Willi Passmann ist Deutschlands älteste Majestät.

Strombach – Einmal König zu sein – davon hatte Willi Passmann schon immer geträumt. Im vergangenen Jahr klappte es endlich: Mit dem 262. Schuss erlegte er im stolzen Alter von 99 Jahren den hölzernen Vogel des Schützen- und Geselligkeitsvereins Steinenbrück und wurde damit zum ältesten Schützenkönig Deutschlands gekrönt.

Ein Fotoalbum voller Erinnerungen nehmen Ursel und Willi Passmann mit aus ihrem besonderen  Königsjahr.

Ein Fotoalbum voller Erinnerungen nehmen Ursel und Willi Passmann mit aus ihrem besonderen  Königsjahr.
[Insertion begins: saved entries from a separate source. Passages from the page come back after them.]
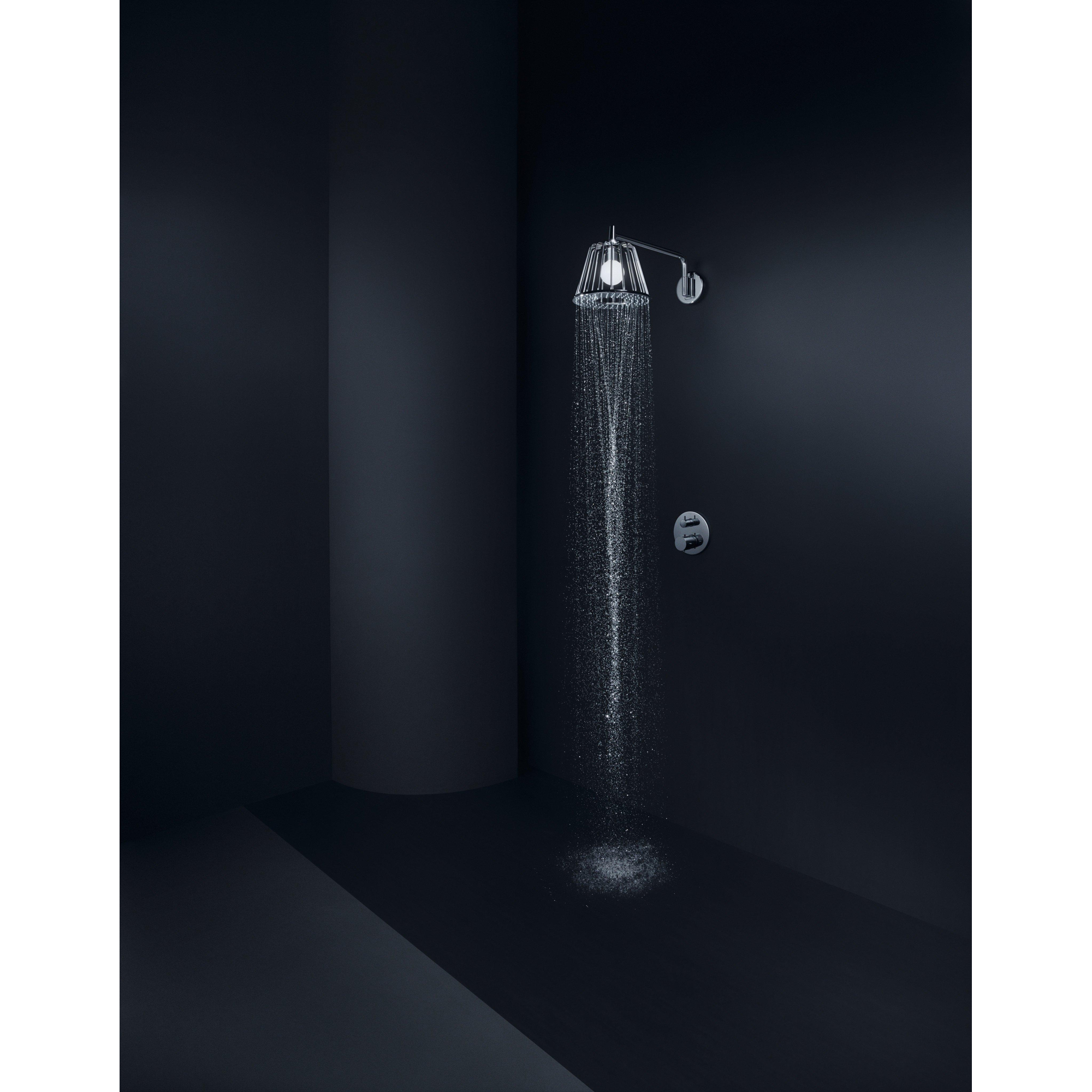 Ce n’est pas qu’une simple douche : c’est un objet design qui donne une identité unique à votre espace douche. La douche de tête ronde et plate de 27,5 cm est conçue comme une élégante lampe, avec éclairage LED intégré. Vous créez ainsi pendant la douche un faisceau lumineux d’ambiance qui semble presque faire “briller” l’eau. Le bras de douche fin de 38 cm positionne harmonieusement la douche de tête au centre de l’espace douche et assure un look équilibré contre le mur. La finition chrome brillant s’accorde parfaitement avec les autres robinets et accessoires chromés, ce qui vous permet de créer facilement un ensemble harmonieux. Idéal comme point de mire dans une salle de bains design, mais aussi étonnamment beau dans un espace calme et minimaliste avec blanc et pierre naturelle.
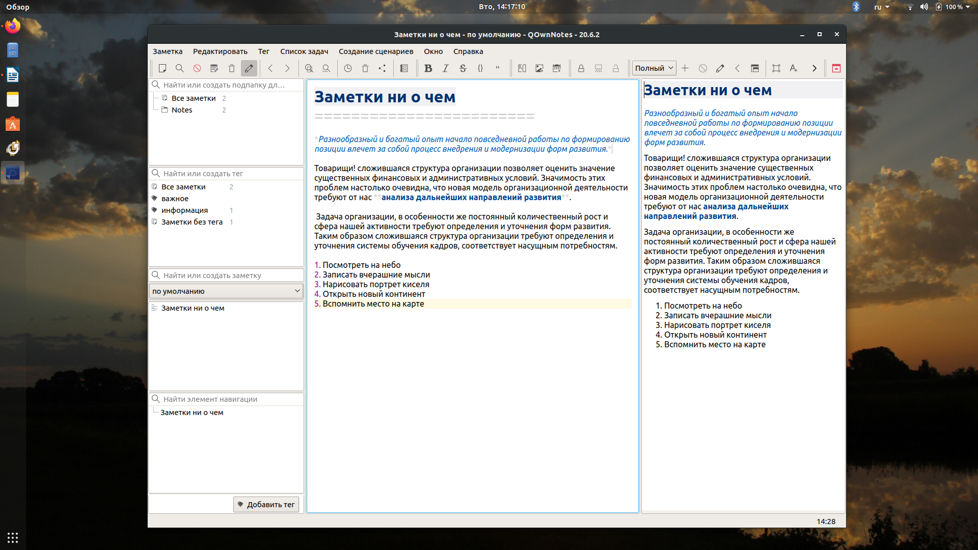 QownNotes — ещё одна программа для управления заметками, которая может похвастаться большим набором функций и удобством. Рекомендую её людям, регулярно работающим с большими объёмами информации.
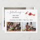 Einfache, elegante und niedliche neue Babyankündigungskarte mit drei Fotos, die Texte "Einführung" + der Name des Neugeborenen + seine Geburtsdaten + "Begrüßung mit Liebe von" + die Namen der Eltern. Stellen Sie sicher, dass Sie alle Informationen anpassen. Diese Karte enthält eine Abbildung mit einem knienden Einhorn mit goldenem und rotem Glitzer in Mane und Schwanz und einem niedlichen schwarz / dunkelhäutigen Baby in roter Bassinette. Für verschiedene Hautfarben des Babys in der Bassinette im Einhorn-zeichn, siehe diese Sammlung: https://www.zazzle.com/collections/new_baby_birth_announcements-119644425584602730
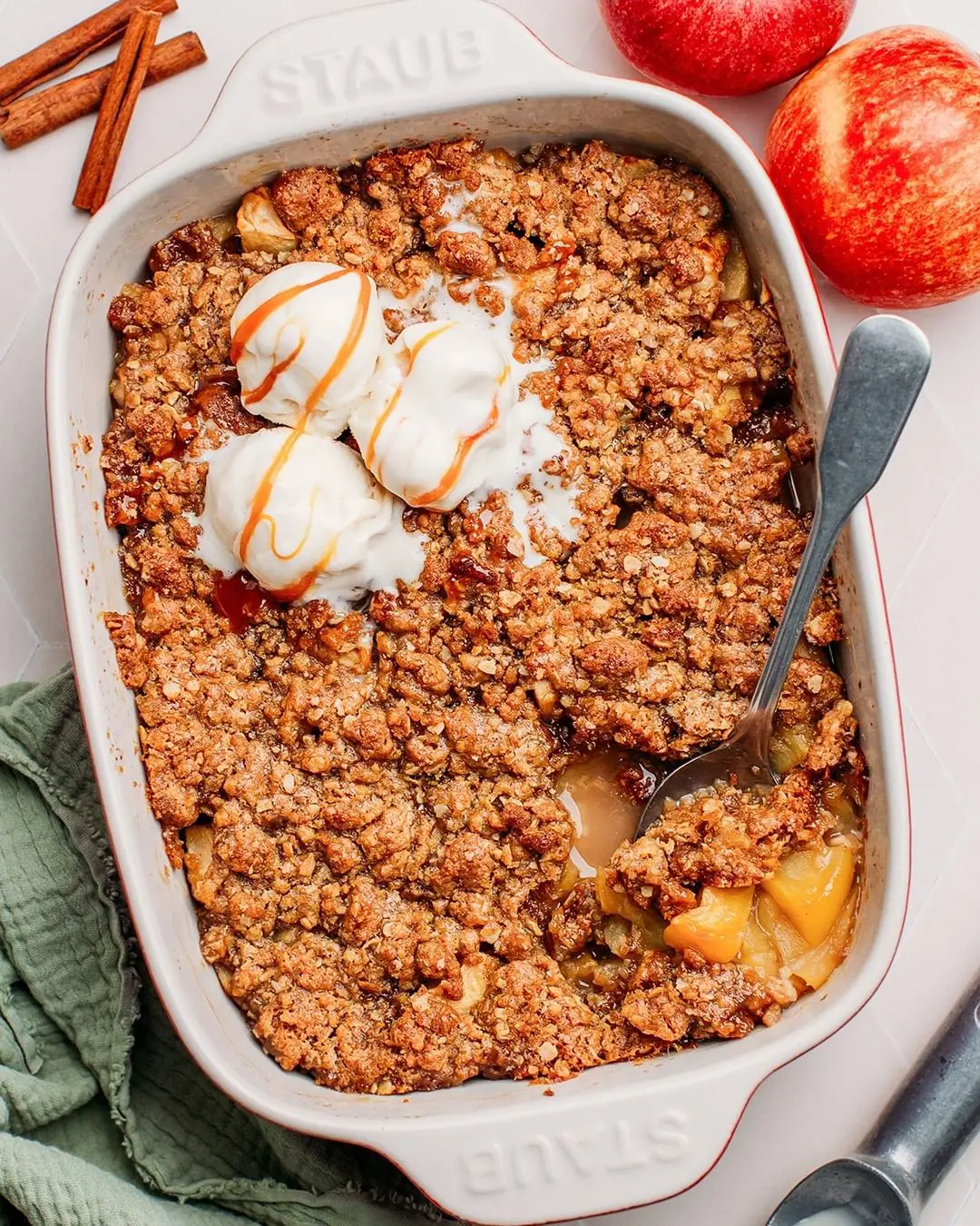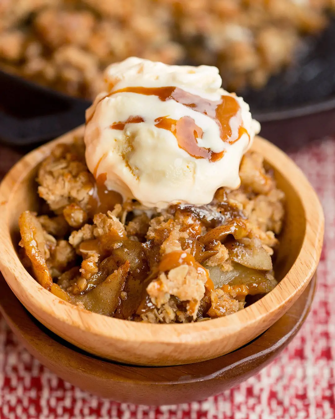 The sauce is prepared by melting butter and brown sugar together. It adds a gooeyness that goes with the crisp topping for a textural contrast. On top of this layer sits a crumble topping. With a scoop of vanilla ice cream or a dollop of whipped cream, Caramel Apple Crisp becomes a decadent treat perfect for special occasions.
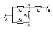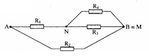 R1 = R2 = R3 = 6W, R4 = 2W. Tính điện trở tương đương của mạch khi ta nối M và B bằng một ampe kế có điện trở rất nhỏ?
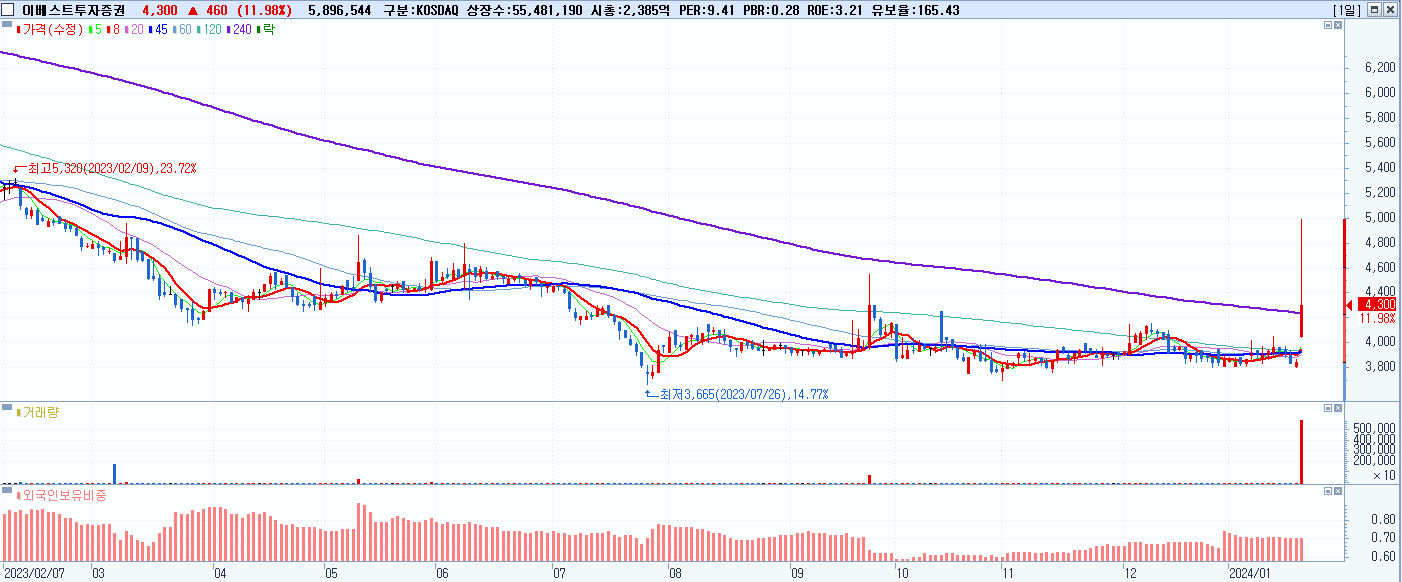 - 이베스트투자증권 (4,300원 ▲ 11.98% , 시총: 2,386억, 거래량: 5,900,897, 거래대금:273억)

Am Samstag, wenn nach Platzkonzert und Umzug durch Steinenbrück Kette und Krone die neuen Majestäten schmücken, endet seine Regentschaft und die seiner Frau Ursel. „Jetzt wird es noch mal hektisch“, sagt er. Der grüne Kranz für das Königspaar schmückt schon die Haustür in Strombach, die Holzbänke und Holztische warten auf der Terrasse im Garten auf durstige Schützenbrüder und Schwestern. Noch einmal mit dem Hof einmarschieren ins Schützenhaus. „Dann ist das schöne Jahr zu Ende“, seufzt der scheidende König. „Schade nur, dass es nicht geklappt hat, als wir damals noch die Wirtschaft hatten.“

Von 1978 bis 1990 hatten er und seine Frau das „Deutsche Eck“ in Strombach. Damals war Willi Passmann Mitglied in gleich drei Schützenvereinen – Hardt-Hanfgarten, Gummersbach und Steinenbrück – und versuchte mehrfach sein Glück. Doch die Vögel ergaben sich nicht. „Der Männergesangverein hat mich dann ein halbes Jahr lang überredet, es noch mal zu versuchen“, erinnert sich Passmann. Und so zielte er am 12. August 2017 im strömenden Regen auf den Steinenbrücker Adler. Ob man da ein bisschen nachgeholfen habe? „Oh nein, da ist man viel zu weit weg!“, entrüstet sich der inzwischen 100-Jährige. Und eine ruhige Hand habe er bis heute. Ein großer Augenblick, als der Vogel dann fiel? „Eigentlich hab ich mich ganz normal gefühlt“, erinnert er sich. „Schade nur, dass bei dem schlechten Wetter gleich alle auseinandergelaufen sind.“

Willi Passmann mit seiner Frau und Königin Ursel

Willi Passmann mit seiner Frau und Königin Ursel

Doch zur Krönung am Abend waren alle wieder da, Königin Ursel in schwarzer Hose und Spitzenbluse. „Die Abendkleider habe ich mir später gekauft für die anderen Schützenfeste.“ Fünf waren es, auf denen sie repräsentierten durften, und natürlich das Bundesschützenfest in Heidberg. „Wir haben alles mitgemacht und sogar getanzt“, sagt die 88-Jährige. „Wenn wir Hilfe brauchten, war immer jemand aus dem Verein da, hat uns begleitet und tatkräftig unterstützt.“ Anstrengend? Manchmal. Aber sie hätten immer gern gefeiert, sagen beide.

Großer Medienrummel kam

„Allerdings brach ein großer Rummel über uns herein. Journalisten und Fotografen von Zeitungen, Zeitschriften, mehreren Fernsehsendern gaben sich die Klinke in die Hand: Kette an, Krone auf, immer wieder“, stöhnt die Königin bei der Erinnerung. Es war auch nicht alles nett, was da geschrieben wurde, ärgert sich der noch amtierende älteste deutsche Schützenkönig und zitiert aus dem zynischen Artikel eines großen deutschen Nachrichtenmagazins.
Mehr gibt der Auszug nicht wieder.